Turkey to become 5th fastest emerging economy,world economic expert Moody’s says.

Turkey will be the fifth fastest emerging country amongst top twenty world economies at the end of 2013, Moody’s recently published report said. Turkey will reach a growth of 3-4 percent in 2013 and reach 3.5-4.5 percent in 2014, the Global Macro Outlook 2013-15 report of Moody’s announced.

At the top of the list is China with an expectation of 7-8 percent increase, followed by Indonesia in 5-6 percent, India in 4-5 percent and Saudi Arabia in 3.5-4.5 percent at the end of 2013. In 2014, China is expected again as top of the list with a growth of 7-8 percent, followed by Indonesia in 5-6 percent, India in 4.5-5.5 percent and Turkey and Saudi Arabia in 3.5-4.5 percent.


Turkey is expected to reach a growth of 3.5-4.5 percent in 2015 and become the fourth fastest emerging economy amongst twenty world economies in 2014 and 2015. The report also stated the most narrowing economy is expected to be Italy with 2-1 percent followed by the European Zone with 1 percent at the end of the year. Germany is expected to achieve a growth of 0-1 percent in the report, where US is expected to grow 1-2 percent in 2013, 2-3 percent in 2014 and 2.5-3.5 percent in 2015.

Following renewed concerns about the sustainability of many emerging markets’ growth models, in part associated with the potential impact of Fed tapering, the outlook for emerging markets has softened since August.

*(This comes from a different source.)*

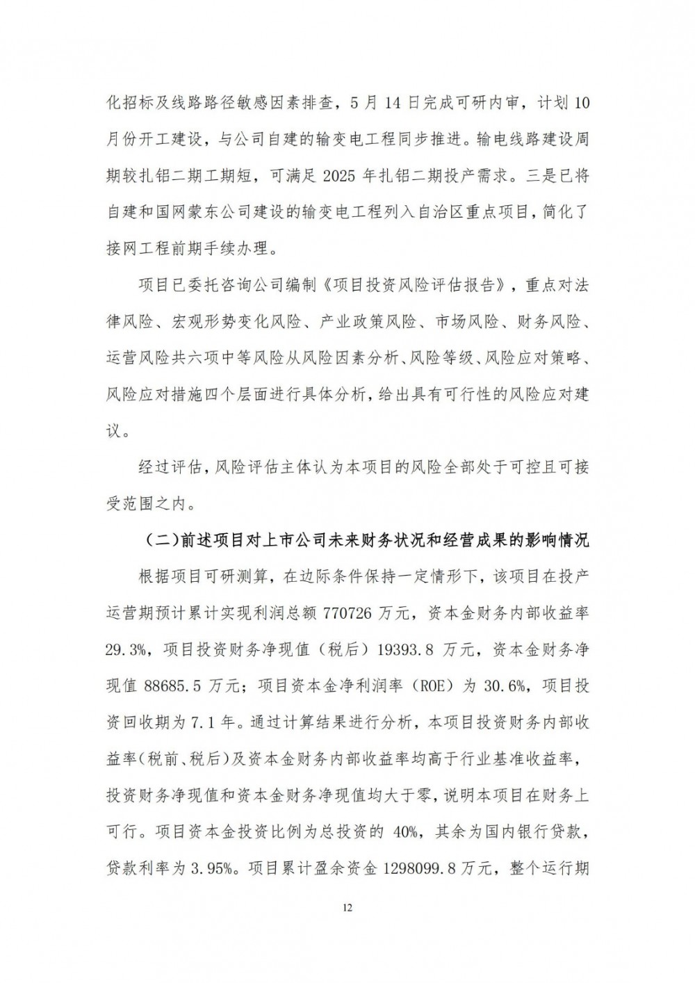 公告显示,电投能源拟投资31.01亿元建设通辽市扎哈淖尔35万吨绿电铝项目(扎铝二期)。该项目厂址位于内蒙古自治区通辽市扎鲁特旗扎哈淖尔产业园区内,紧邻霍林郭勒市。规划建设35万吨电解铝,配套建设65万千瓦风电项目、10万千瓦2小时电化学储能项目和38公里220千伏输变电工程,按照源网荷储一体化模式推进实施。该项目已纳入国家和地方发展规划。

While financial markets have stabilized following the delay of tapering, US monetary policy will still eventually shift back to a more ‘normal’ footing, and some emerging markets have already seen substantial falls in exchange rates and asset prices, despite partially recouping earlier losses.

The relative price effects arising from currency declines are likely to hit activity in the short term, and pose challenges for monetary policy makers over the medium term in terms of striking the right balance between inflationary risks and growth,” the report stated on further slowing in emerging market economies.